For reference, the operations of network node (e.g. AMF, SMF, UPF, PCF, AUSF, etc.) or base station (e.g. NG-RAN, gNB, eNB, etc.) described in the present disclosure of the present specification may be implemented by the devices of FIGS. 1 to 3 which will be described below. For example, the network node or the base station may be the first device 100a or the second device 100b of FIG. 1. For example, the operation of the network node or the base station described in the present disclosure of the present specification may be processed by one or more processors 102 or 202. The operation of the network node or the base station described in the present disclosure of the present specification may be stored in one or more memories 104 or 204 in the form of an instruction/program (e.g., instruction and executable code) executable by the one or more processors 102 or 202. The one or more processors 102 or 202 may control the one or more memories 104 or 204 and one or more transceivers 106 or 206 and execute instructions/programs stored in the one or more memories 104 or 204 to perform the operation of the network node or the base station described in the present disclosure of the present specification.

In addition, the instructions for performing the operation of the NTN network described in the present disclosure of the present specification may be stored in a non-volatile (or non-transitory) computer-readable storage medium. The storage medium may be included in the one or more memories 104 or 204. In addition, the instructions recorded in the storage medium may be executed by the one or more processors 102 or 202 to perform the operation of the NTN network described in the present disclosure of the present specification.

Although preferred embodiments have been described above, the present disclosure of the present specification is not limited to such specific embodiments and thus can be modified, changed, or improved in various manners within the spirt of the present disclosure of the present specification and the scope of the clams.
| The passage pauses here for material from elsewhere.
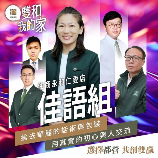 組長劉佳語說:「我自己在 #都營團隊 待了很久,很幸運在 #住商永和仁愛店 有機會用不同的角度和這麼多專業、優秀的夥伴一起打拼,房地產業領域非常廣,大家有各自專精的部分,每個組員身上都有十八般武藝,組合起來就像是個房仲寶庫,彼此交流共同成長。」

Although methods are described as a series of steps or blocks based on a flowchart in the exemplary system described above, they are not limited to the order of the described steps, and some steps may occur in a different order or simultaneously with other steps as described above. In addition, those skilled in the art will understand that the steps shown in the flowchart are not exclusive, and that other steps may be included or that one or more steps of a flowchart may be deleted without affecting the scope of rights.

The claims described herein may be combined in various ways. For example, the technical features of the method claims of the present disclosure of the present specification may be combined and implemented as an apparatus, and the technical features of the apparatus claims of the present disclosure of the present specification may be combined and implemented as a method. In addition, the technical features of the method claims of the present disclosure of the present specification and the technical features of the apparatus claims may be combined and implemented as an apparatus, and the technical features of the method claims of the present disclosure and the technical features of the apparatus claims may be combined and implemented as a method. Other implementations are within the scope of the following claims.